Jim Walsh wrote a moving reflection in Southwest Journal:

Black Lives Matter protesters sang “Silent Night” outside the 4th Precinct cop shop in North Minneapolis the other night, which I took as a good and symbiotic sign of the times, as I’ve been contemplating the power of the almost 200-year-old song while walking the dog these mild and, yes, silent December nights.

As the world spins madly on and off its axis, I’ve been grateful for the early darkness and starlight, and seriously enjoying the crisp, clean air in my lungs and the sight of all those beautiful hearths and homes aglow with Christmas lights, candles, luminarias, and fireplaces. With each silent night stroll it occurs to me what a simple and healing thing it is to take a walk at night and to bear witness to a truly peaceful world and reality that’s as legitimate as any trumped-up version of what we’re being fed by our personal-political newsfeeds.

Muslim heroes in Kenya

I am waiting
for a way to be devised
to destroy all nationalisms
without killing anybody (I Am Waiting, Lawrence Ferlinghetti)

Al Shabab militants opened fire on a bus near the Kenya/Somali border on the Monday before Christmas.
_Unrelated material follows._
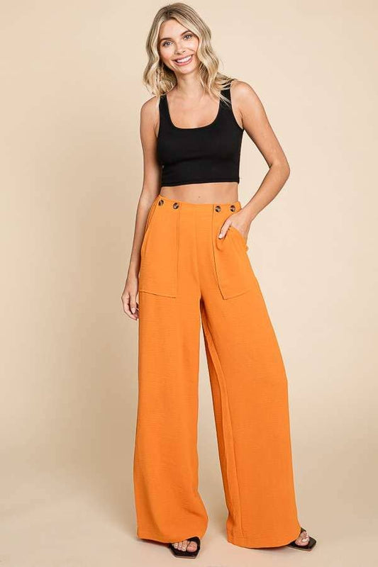 Plus CHAMBRAY PAPERBAG WAIST WIDE LEG PANTS WITH PO
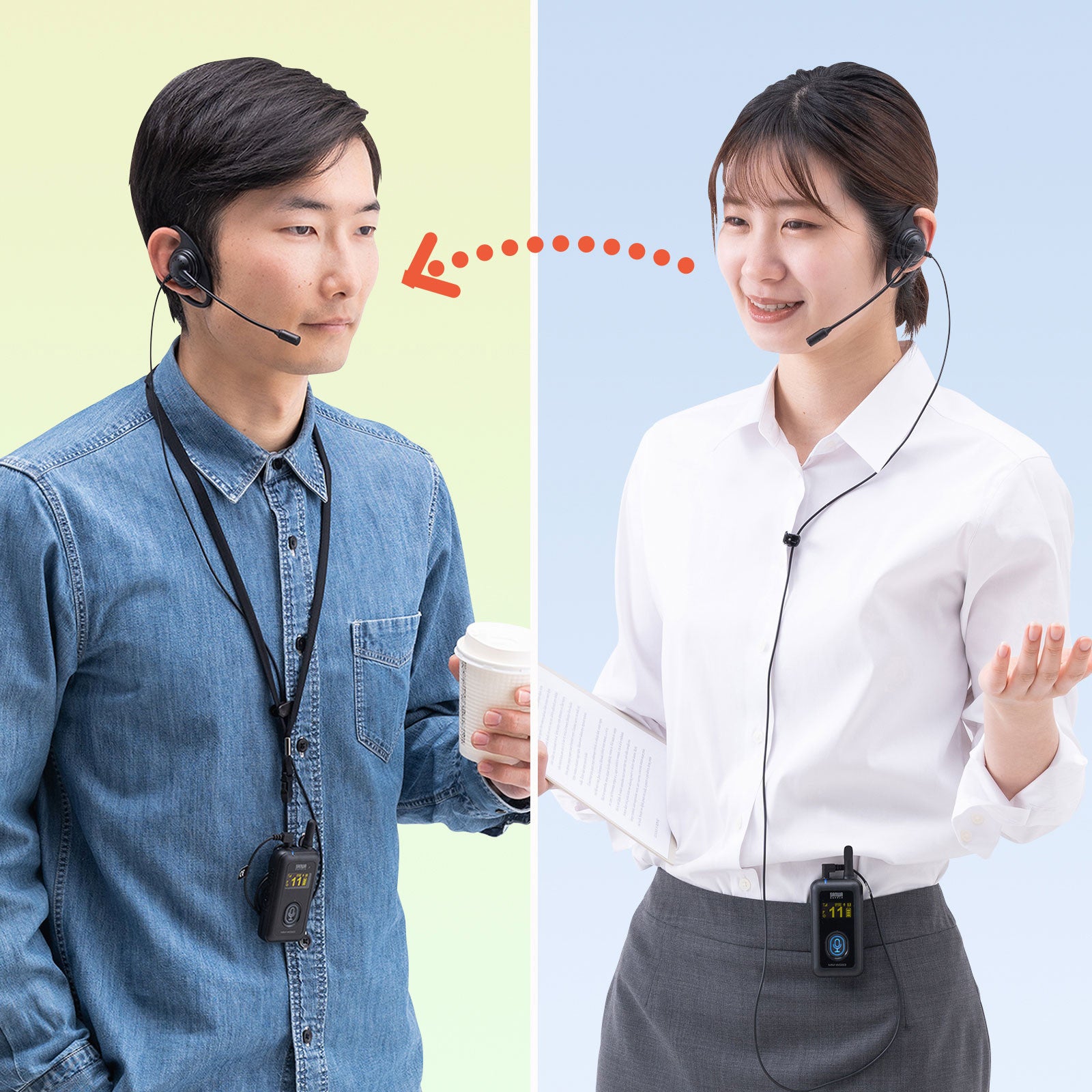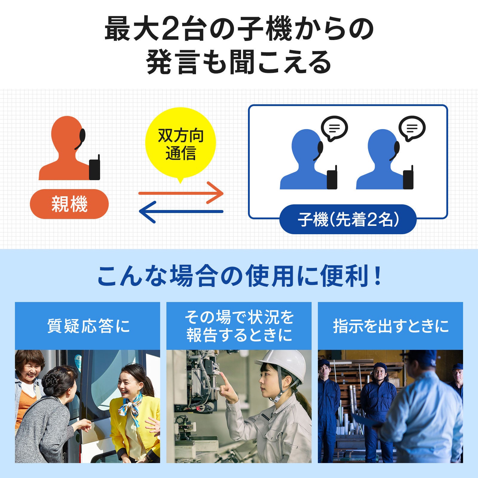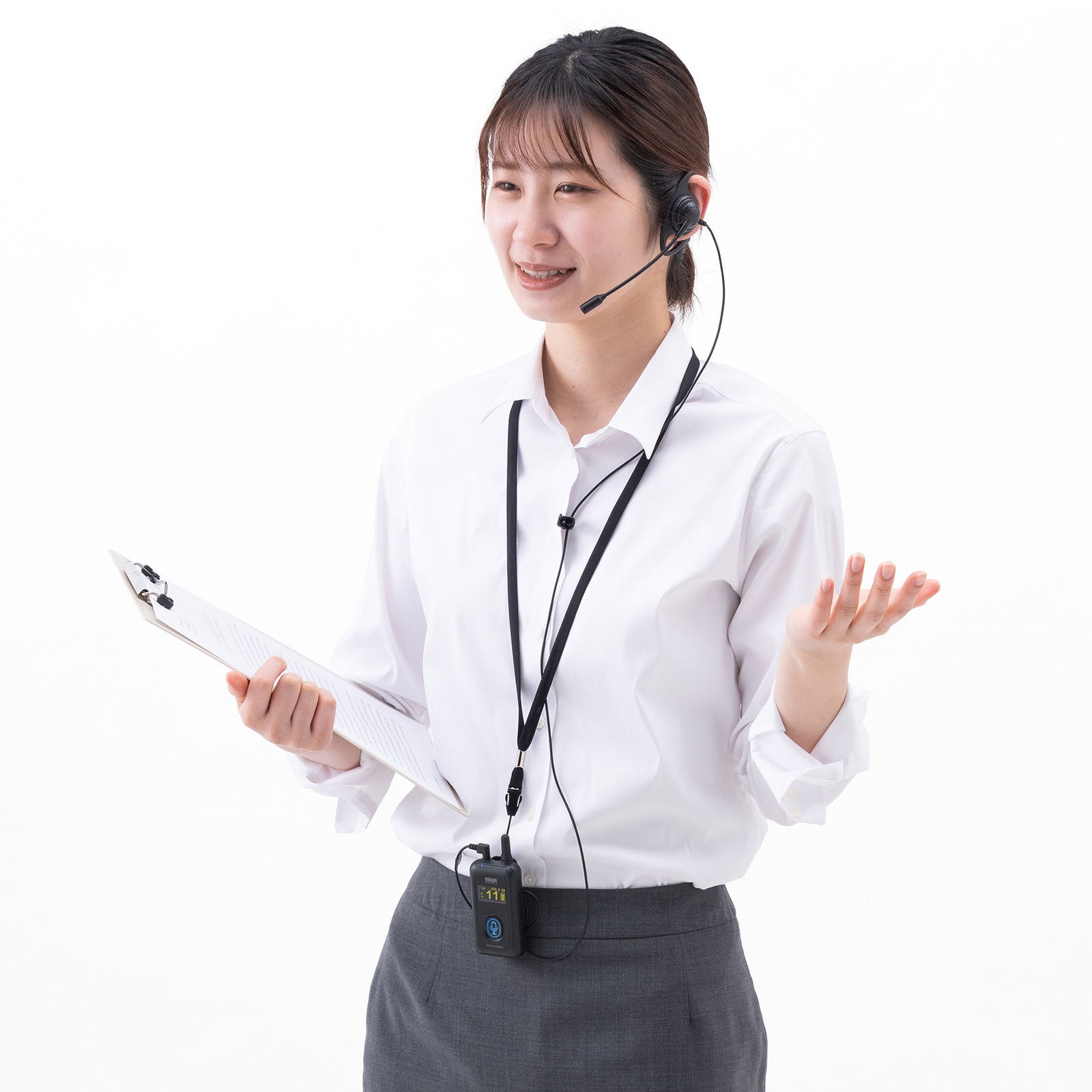 親機に設定した1台から複数の子機へ同時に音声を送ることができます。騒がしい場所でも静かな場所でも、イヤホンマイクを使っていつもの声量でクリアな音声を多くの人に届けられます。ソーシャルディスタンスを保ちながら、ツアーガイドや工場見学、学校の授業、作業現場など、様々な環境・場面で使用できます。

They ordered the passengers off, telling them that Muslims should stand in one place and Christians in another. It has happened before, reported the Washington Post.

“In November 2014, al-Shabab gunmen attacked a bus full of teachers in the same region, pulling 28 non-Muslim passengers from the vehicle and shooting them point blank, according to the Guardian. The following month, the BBC reported, the militant group did the same to non-Muslim workers at a quarry near the Somali border.”

This time the Muslim passengers refused.

“‘We even gave some non-Muslims our religious attire to wear in the bus so that they would not be identified easily. We stuck together tightly,’ Abdi Mohamud Abdi, a Muslim passenger, told Reuters. ‘The militants threatened to shoot us, but we still refused and protected our brothers and sisters. Finally they gave up and left but warned that they would be back.’”

One student at a time

I am waiting
to get some intimations
of immortality
by recollecting my early childhood (I Am Waiting, Lawrence Ferlinghetti)

Veteran St. Paul teacher Kimberly Colbert describes connecting with one student — and places the story in the context of the difficult intersections of school administration, race, and discipline:

“I’m sorry for the other day,” Dylan said, extending his hand. As I studied his face, he appeared to be a different child than he was during our recent encounter.

It is said that the opposite of love is not hate but indifference. Hate requires you to see another, whereas indifference renders the other nonexistent. I believe Dylan’s attitude changed when he realized that he was not invisible.

Waiting and hoping, for a better year, a better me, a better world.